As Kaiser told Moynihan, he had rented an “intentionally large apartment” in Rome. He also said that he had met with the Luce couple before coming to Rome. They “had hoped,” he said, “the residence would become a place where ideas could be exchanged among Council participants.”

He added, “They gave me a generous Time magazine expense account – $20,000 each month during the (Second Vatican) Council sessions – to hold regular dinner parties in my large apartment.” As he told Moynihan, he and his wife would “often host 50 or 100 journalists and monsignors, priests, and bishops and diplomats, sometimes during the week, sometimes on the weekend.”

The purpose of these gatherings was clear: it was not only to share information, but, as Moynihan reports, “to provide a space where the agenda of a ‘more open Church’ could be freely discussed, Kaiser said.”

That is to say: the U.S. secular Time magazine hosted luxurious gatherings throughout the 1962-1965 Vatican II sessions with numerous influencers in order to push the Council in a more progressivist direction. As Moynihan says, Kaiser quickly became “one of the most influential journalists in the city. His coverage of the Second Vatican Council set a standard and tone and ‘line’ – the ‘line’ was that the Catholic Church was undergoing a revolution which would change the Church profoundly.”

Moynihan also quotes from Kaiser's published account of his work during the Council. In his book Clerical Error (2002), Kaiser wrote, “Our spacious apartment, with its huge picture windows and sparkling marble floors, became something of a gathering place for conciliar progressive(s).” Kaiser continues to describe how they had practically “every other night of the week” a small dinner party with eight people. These dinners then grew into large gatherings that were called “the Kaisers’ Sunday nights,” which regularly included the journalists from the Jesuit weekly America.

Among the other guests was also Archbishop Thomas d'Esterre Roberts, S.J., of Bombay, India, who was of British descent. He and other fellow prelates, according to Kaiser, “thought (and said out loud) that the Church was overloaded with excess baggage, myth, superstition, and nonsense. With him, they voted on all the important reforms of Vatican II, most of which tended to make the Church less Roman – and more Catholic … ”

Dr.
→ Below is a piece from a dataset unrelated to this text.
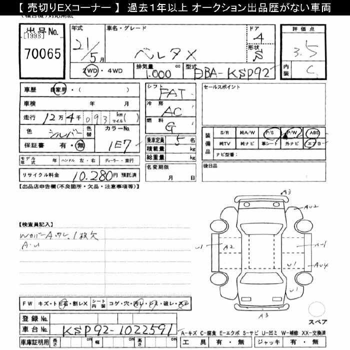 TOYOTA BELTA X - лот 70065
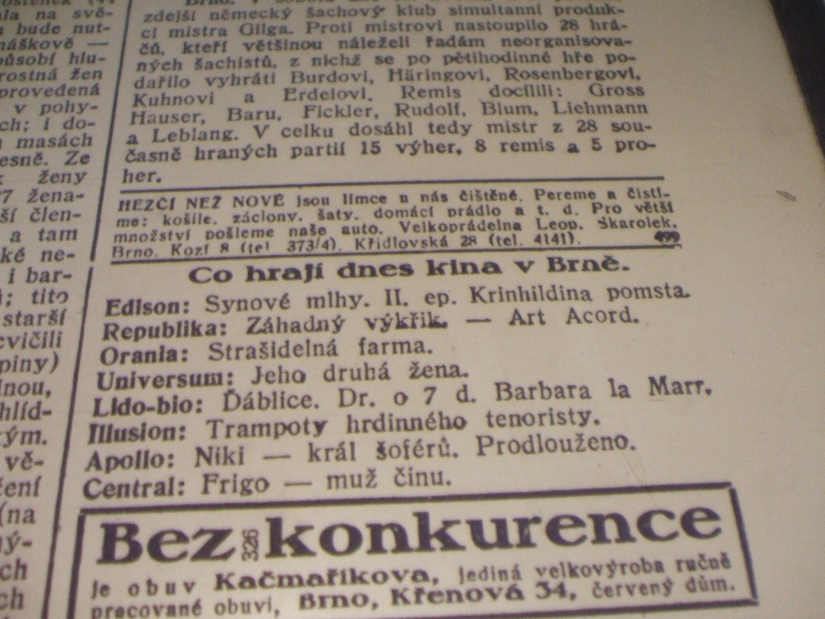 | Cinema | Moravské noviny | 1926-05-19 | 114 | 100 |

Moynihan puts this Time magazine story in connection with Pope Benedict XVI’s own February 14, 2013 speech, according to which there had been purportedly “two Councils” – the one of the media, and the other of the council fathers.

The Vatican expert adds that “we urgently need a more full and accurate understanding of what happened at Vatican II in order to continue the task of receiving the Council and interpreting it in the light of the perennial doctrine of the Church, handed down from the beginning.”

This revelation from Dr. Moynihan can also be seen in light of Archbishop Carlo Maria Viganò's own statements, in which he himself stresses that the Second Vatican Council was manipulated.

For example, in response to questions from LifeSite editor-in-chief John-Henry Westen, the Italian prelate wrote last year that the Council, “from its origin,” was “made the object of a grave manipulation by a fifth column that penetrated into the very heart of the Church that perverted its purposes, as confirmed by the disastrous results that are before everyone’s eyes.” Somewhere else, he spoke of a “very deceptive” project “to infiltrate in some way into the Church,” and that this project was linked with Freemasonry.

Moreover, Archbishop Viganò, in an interview with LifeSite about the abolition of the Oath against Modernism that took place in 1967, very shortly after the end of the Second Vatican Council, stated:

If we apply (Antonio) Gramsci’s recommendations to what has happened in the heart of the Church in the last century, we can see that the work of conquering the ecclesiastical “casemates” was conducted with the same subversive methods; certainly the infiltration of the deep state into civil institutions and of the deep church into Catholic institutions corresponds to this criterion.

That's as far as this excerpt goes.